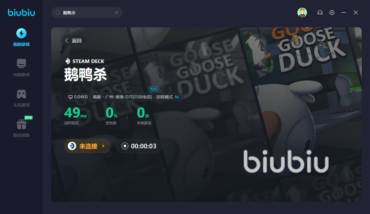 2024年06月03日 14:23 来源:宁静飞椰蛋树对于鹅鸭杀这款游戏,目前有许多的朋友很是喜欢,主要也是因为它里面的玩法元素颇多,同时能让玩家获得不错的体验效果,而社交元素也是得到了很多朋友的认可,对于鹅鸭杀加速器究竟应该如何选择,也是广大用户所关注的问题,毕竟游戏的体验想要稳定,去使用biubiu可是非常关键的,各位有想法不如就来看看吧。
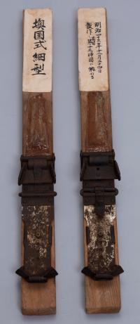 わら靴式スキー(1枚目)、オーストリア式スキー(2枚目)、オーストリア式バッケン(月岡鉄工所製)(3枚目)
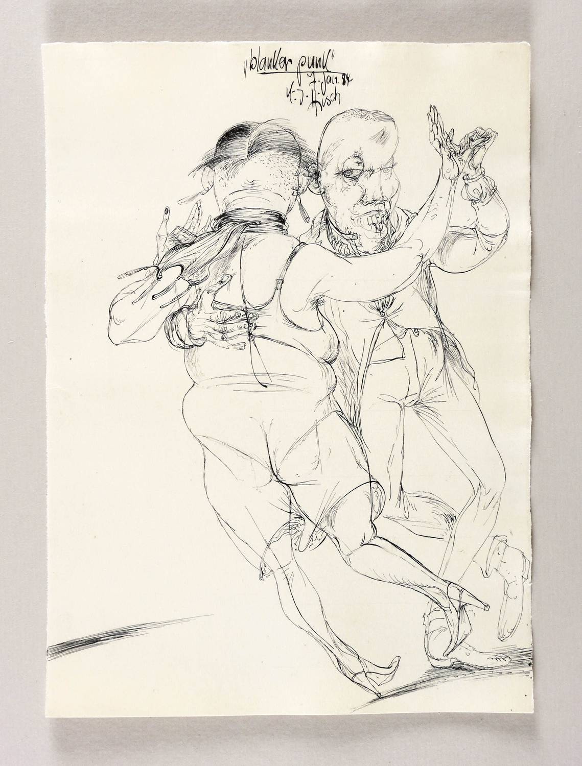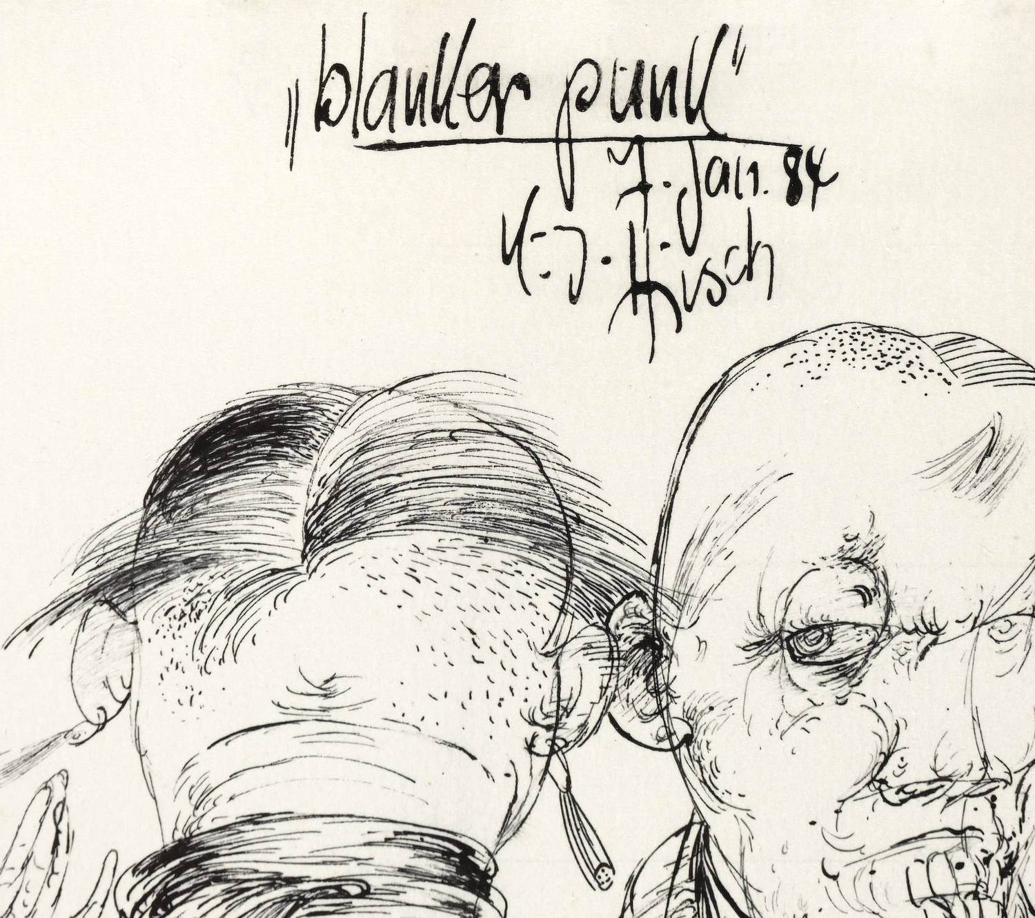 Oberhalb in schwarzer Feder betitelt, signiert und datiert: ″blanker punk / 7. Jan. 84 / K.-G. Hirsch″. – Tadelloses Exemplar.
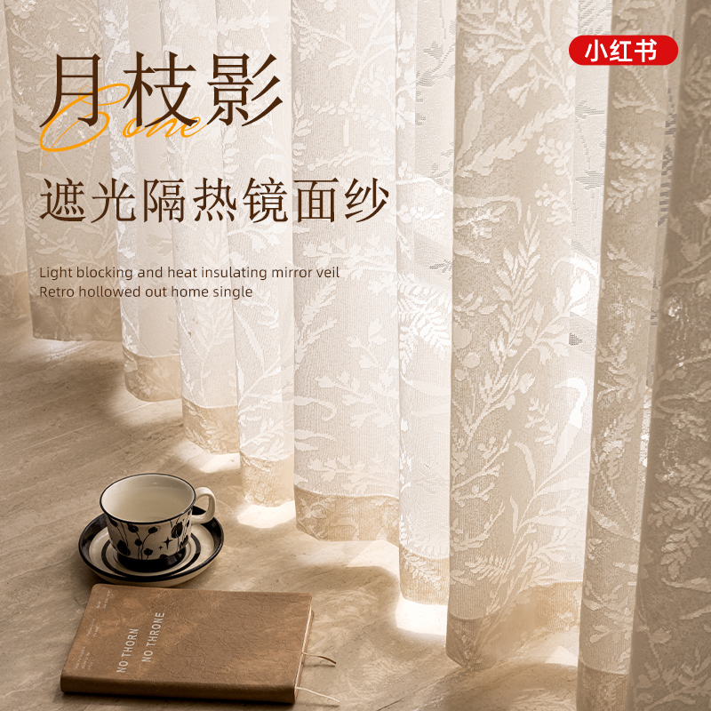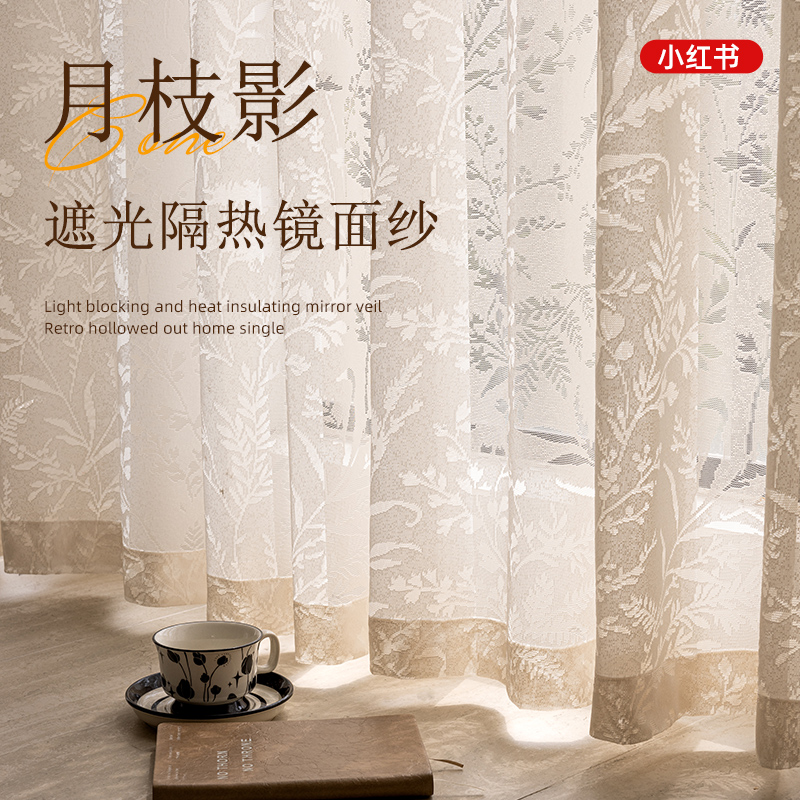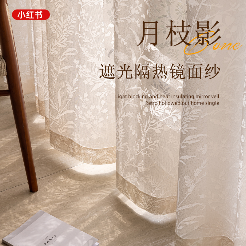 新款奶油色鏤空紗窗簾法式紗簾透光不透人陽臺客廳遮光窗紗鏡面紗
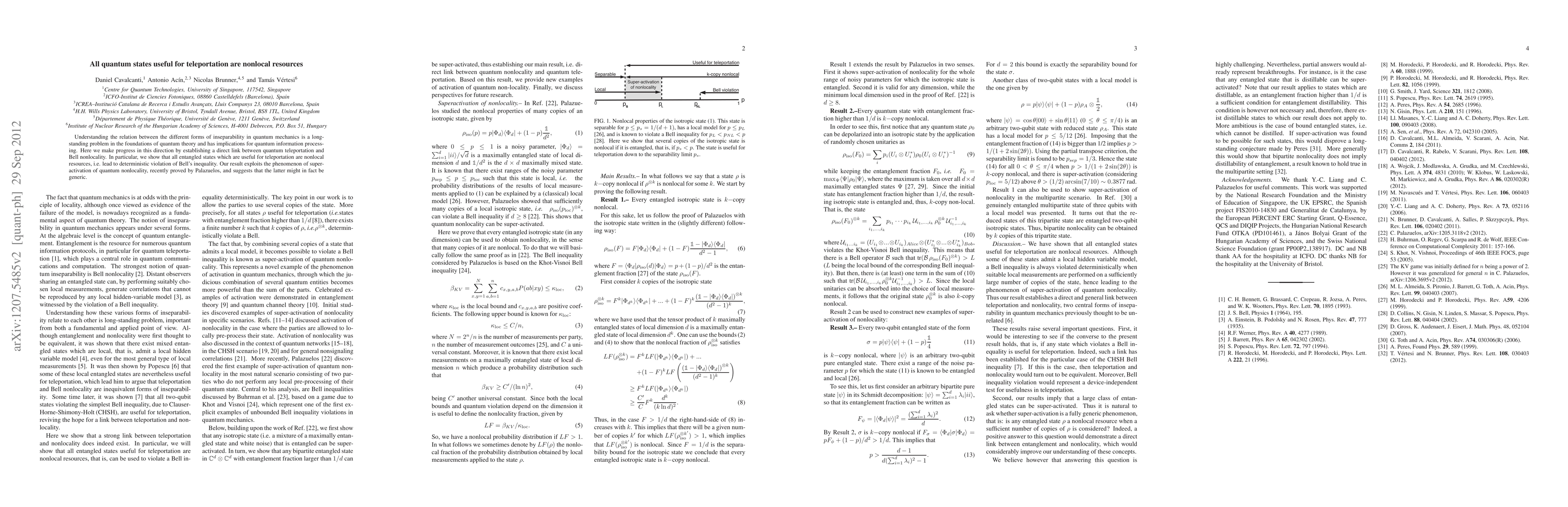 This paper establishes that all quantum states capable of enabling teleportation are inherently nonlocal, leading to deterministic violations of Bell's inequality. This finding links quantum teleportation directly to Bell nonlocality and suggests that super-activation of quantum nonlocality may be a common feature.

────────────────────

WHAT TO DO — In your reply, please set down exactly the lines from the one containing "新款奶油色鏤空紗窗簾法式紗簾透光不透人陽臺客廳遮光窗紗鏡面紗" through the end of the records, with the pictures left out.

EXERCISE RESPONSE —
 新款奶油色鏤空紗窗簾法式紗簾透光不透人陽臺客廳遮光窗紗鏡面紗
 This paper establishes that all quantum states capable of enabling teleportation are inherently nonlocal, leading to deterministic violations of Bell's inequality. This finding links quantum teleportation directly to Bell nonlocality and suggests that super-activation of quantum nonlocality may be a common feature.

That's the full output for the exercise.